A royal commission into aged care has entered its fifth day of evidence in Adelaide.

A royal commission into aged care has entered its fifth day of evidence in Adelaide. Photo: Flickr/Candida.Performa

The Australian aged care sector will need to triple its workforce by 2050 to keep up with an ageing population as providers seek to attract “socially conscious” millennials to take up the task, the Royal Commission into Aged Care Quality and Safety has heard.

Aged and Community Services Australia (ACSA) chief executive Patricia Sparrow told the commission on Tuesday there were initiatives in place to try and drive change in the growing sector.

“We do need to increase the number of people working in aged care,” she said.
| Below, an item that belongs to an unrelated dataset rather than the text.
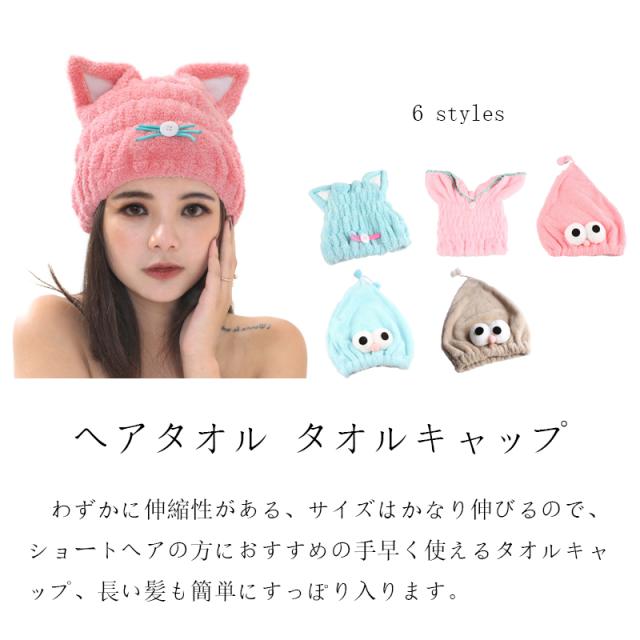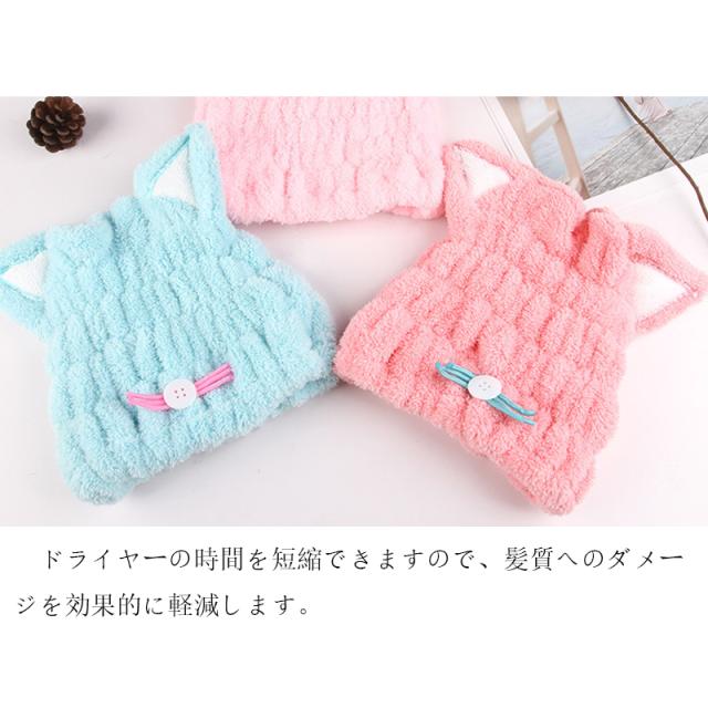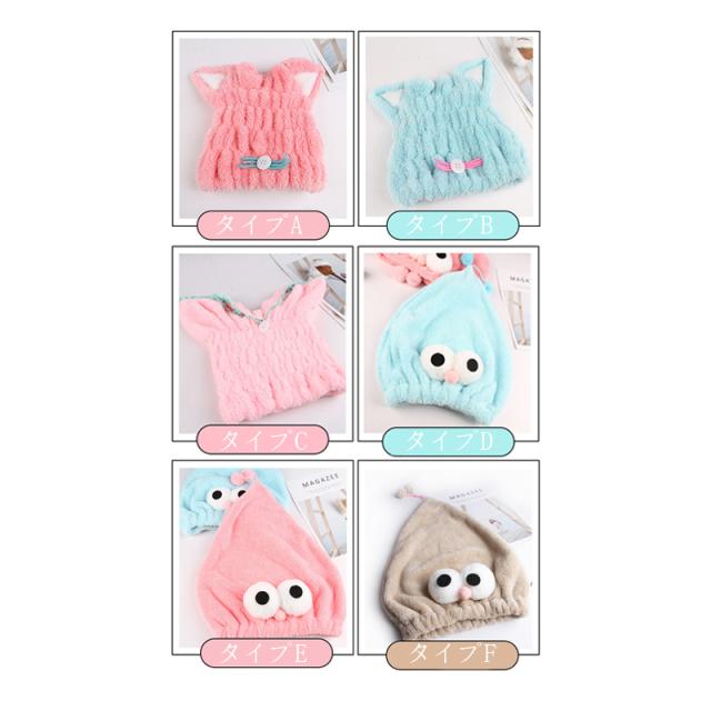 ヘアタオル タオルキャップ ドライキャップ ヘアキャップ 吸水タオル 吸水 速乾 髪 ふわもこ 風邪を防ぐ ドライキャップ ヘアターバン 強い吸水性 お風呂上がり かわいい ウサギ 猫耳 バス用品 6タイプあり

She said the workforce would need to triple in the next three decades, as the number of people living with dementia was set to skyrocket from 436,000 to 1.1 million.

“The millennials want to work in areas where they have relationships and meaningful connections with people and work in areas where they’re socially conscious,” she said.
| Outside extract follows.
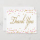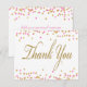 Rosa och guld tack-kort med rosa och guld konfetti och elegant guld tack-skrift. Du kan enkelt anpassa dessa rosa och guld platta tack-kort genom att helt enkelt lägga till ditt meddelande i den teckensnittsstil och formulering du väljer. Du kan också ändra bakgrundsfärgen. Detta är en tryckt design utan verklig glitter, konfetti, etc.

Ms Sparrow said the industry body was trialling a program in Tasmania, where high school students were being exposed to the benefits of working in aged care.
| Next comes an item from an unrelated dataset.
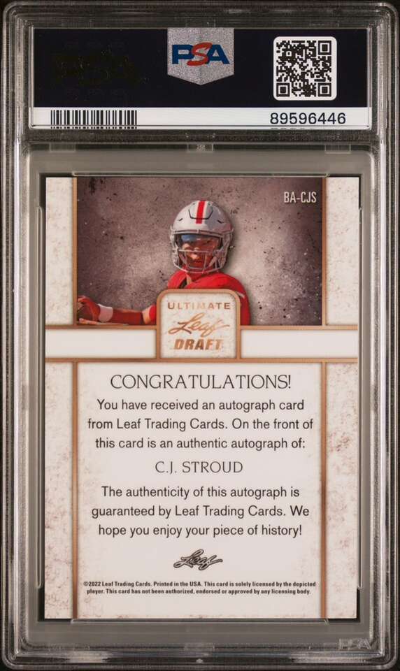 2022 Leaf Ultimate Draft CJ Stroud Autograph PSA 8 Houston Texans

She said many students did not even consider it as a career option.

Ms Sparrow also told the commission, which started hearing evidence in Adelaide last week, that there needed to be regulatory change to give older people more freedom.

Residents should be able to walk to buy an ice cream

Ms Sparrow referred to a concept known as “dignity of risk”, where aged care residents were not allowed to do basic tasks.

She said one example included aged care residents not being allowed to have soft boiled eggs in New South Wales.

“Eggs had to be boiled for in excess of 15 minutes because there was a slight risk that you could contract listeria,” she said.

“Our view would be – if you are in your 80s and have made decisions all your life, perhaps fought in a world war and brought up a family, if you want a soft boiled egg, you should actually be able to have a soft boiled egg.

“That should be a choice you should be able to make.”

She said that food regulation in NSW had since changed, but there was another example of a man who was used to walking to the shop to get an ice cream after dinner and was banned from doing so.

“We’re not a prison. People aren’t locked away,” she said.

“If somebody wants to be able to go for a walk to buy an ice cream, and we can support them to do that safely, then it should be done rather than just ruled out.”

She said providers felt they could not facilitate those requests out of fear about how it would be viewed by the regulator.

Ms Sparrow referred to it as “very risk averse” but said there needed to be a balance between safety and quality of life.

Birthday cards indicative of how older people are viewed

The commission was also told there was discrimination against older people and they were typically viewed negatively.

“We would like to see that turned around,” Ms Sparrow told commissioners Lynelle Briggs and Richard Tracey QC.

“You only have to look at a birthday card to see how growing older is treated.

“There seems to be a connection between the growing number of older people and describing it as a natural disaster.”

Dementia Australia chief executive Maree McCabe agreed, and said the stigma around dementia – described as the “chronic condition of the 21st century” – needed to change.

“There won’t be anybody who isn’t impacted in some way,” she said.

“It will be a loved one. One in three of us in this room will develop dementia at some point and we need to know how best to support people living with it.”

No support for staff-to-resident ratios in nursing homes

Ms Sparrow also told the commission that ACSA did not support a call for resident-to-staff ratios, and said providers needed to be flexible.

“Different environments and different layouts also impact staffing,” she said.

“We do think that they are a blunt instrument. They don’t capture those variances and differences and that needs change over time.”

However, she said providers needed to be transparent with residents and their families about how and why they chose a certain staffing model.